Optionally, the first computing module 703, is specifically used for

By preset target user to the relative coefficient of the scoring of the second article and the target item and the second article It is weighted summation；

Adjusting parameter and article are biased to using personalizing parameters, user are biased to adjusting parameter, in the result of weighted sum On the basis of be adjusted, obtain target user and score the prediction of the target item.

Optionally, the first computing module 703, is specifically used for

Using following formula, by preset target user to the scoring of the second article and the target item and the second object The relative coefficient of product is weighted summation；Adjusting parameter is biased to using personalizing parameters, user and article is biased to adjusting parameter, It is adjusted on the basis of the result of weighted sum, obtains target user and score the prediction of the target item；

In formula, which is article i；Second article is article j；Target user is user u；μ is preset Scoring mean value in rating matrix；b_uTo be biased to adjusting parameter for the user of user u；b_iTo be biased to adjust for the article of article i Whole parameter；α_uFor the personalizing parameters for user u；It scores for user u the prediction of article i；r_ujIt is user u to article j Prediction scoring；s_ijFor the scaling Poisson related coefficient of article i and article j；ρ_ijFor the Poisson phase relation of article i and article j Number；ε_ijFor the Euclidean distance value of the label genome vector of the label genome vector and article j of article i；κ_uIt is user u to removing Other than article i, the set of the article of scoring is provided；p_ijFor adjustment factor；For the feelings that the first article is divided into k cluster class Under condition, the set of the article of same cluster class is belonged to article i.

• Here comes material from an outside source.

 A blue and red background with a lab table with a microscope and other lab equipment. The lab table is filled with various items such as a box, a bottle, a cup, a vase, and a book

Optionally, device further include:

Second acquisition unit, for obtaining the sample set of preset quantity, each sample set from preset rating matrix Respectively include the scoring that user, article and the user provide the article；

Second computing module, for being directed to each sample set, using the user in the sample set as target user, and will Article in the sample set is as target item；Using the calculation formula of the second prediction scoring, the target user is calculated to this The prediction of target item is scored, and calculated prediction scoring is scored as the corresponding prediction of the sample set；

Module is minimized, for scoring based on each sample set and the corresponding prediction of each sample set, to preset damage It loses function and carries out minimum processing, the loss function minimized, shown in the preset following formula of loss function；

In preset loss function, κ is the sample set of preset quantity；Article i is the article in each sample set；With Family u is the user in each sample set；b_uTo be biased to adjusting parameter for the user of user u；b_iIt is inclined for the article for article i To adjusting parameter；α_uFor the personalizing parameters for user u；It scores for calculated user u the prediction of article i；r_uiFor Obtained in preset rating matrix, scoring of the user u to article i；λ₂For preset regularization parameter；

Determining module, for from the loss function of minimum, determining that personalizing parameters, user are biased to adjusting parameter and object The optimal value of product deviation adjusting parameter.

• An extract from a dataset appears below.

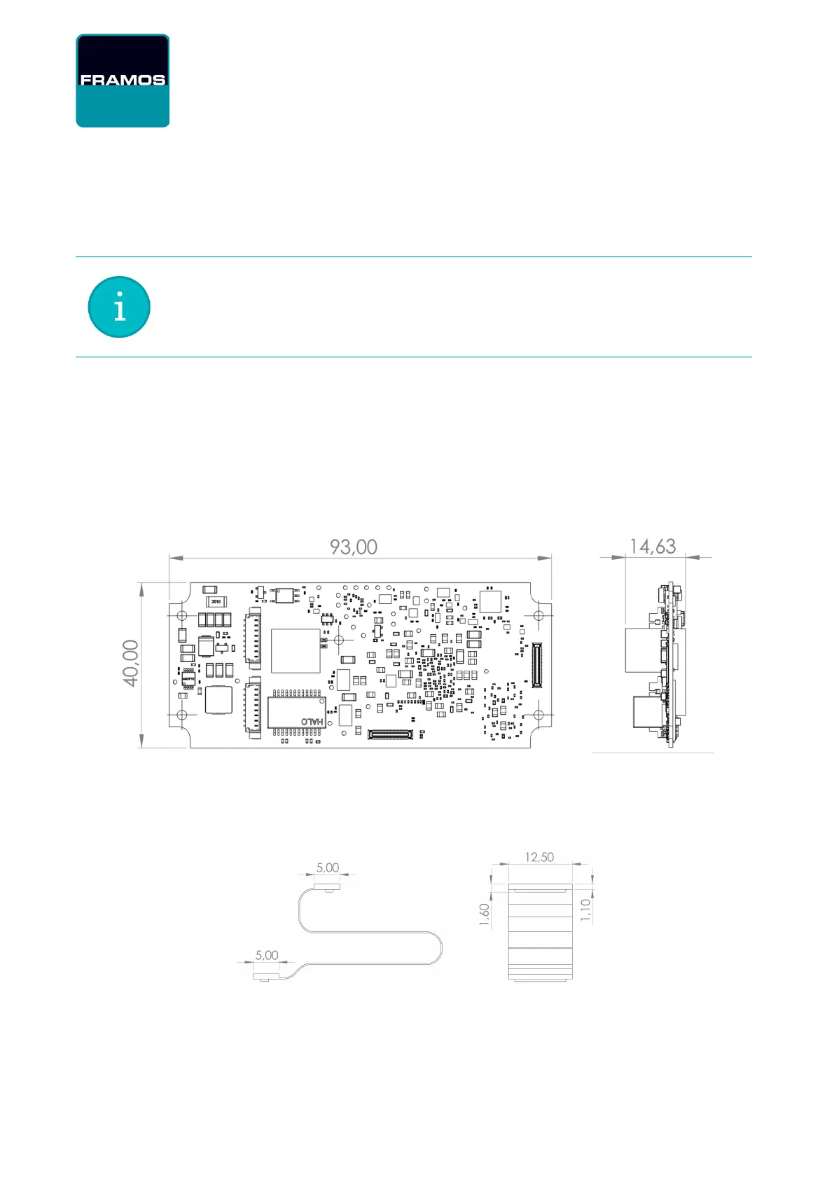 Top and side views and dimensions [mm] for the FRAMOS D4 Visual Processing Board are shown

Optionally, module is minimized, is specifically used for

For each sample set, personalizing parameters α is set_u, user be biased to adjusting parameter b_uAnd article is biased to adjusting parameter b_iInitial value, and initialize step-length γ and the number of iterations；

It is null set that user's set U and article set I, which is arranged,；

From the sample set κ of preset quantity, a sample set is obtained, a sample set includes user u, article i, And obtained in the preset rating matrix, scoring r of the user u to article i_uiAnd calculated user u is to the pre- of article i Assessment point

Judge in user's set U, if whether include the sample in the user u comprising the sample set and article set I The article i of this set；

If it has, then the step of returning described in execution from the sample set κ of preset quantity, obtaining a sample set；

If it has not, then according to the scoring r in the sample set_uiIt scores with the predictionBetween difference e_ui, more New personalizing parameters α_u, user be biased to adjusting parameter b_uAnd article is biased to adjusting parameter b_i, and by the user in the sample set U is put into user set U, and the article i in the sample set is put into article set I；

Reduce step-length γ, returns and execute described from the sample set κ of preset quantity, the step of a sample set of acquisition Suddenly；

When all sample sets in the sample set κ for having traversed preset quantity, the number of iterations adds one；

Judge whether the number of iterations is more than preset the number of iterations threshold value；If it has, then completing to preset loss function Minimum processing, execute the step of setting user's set U and article set I is null set if it has not, returning.

As it can be seen that in the collaborative filtering recommending device based on cluster that the embodiment of the present invention proposes, it can be according to label Genome vector after carrying out classification processing to the first article, for belonging to the first article of same cluster class, is based on label base Relative coefficient is calculated because of the Euclidean distance value of group vector.Since label genome vector is used to describe the intrinsic category of article Property, do not change with the subjective desire of user, have objectivity so that calculated relative coefficient also have it is objective Property, it predicts that the objectivity of scoring is also stronger obtained from, avoids the occurrence of the subjective scoring due to user and influence prediction scoring Objectivity the problem of.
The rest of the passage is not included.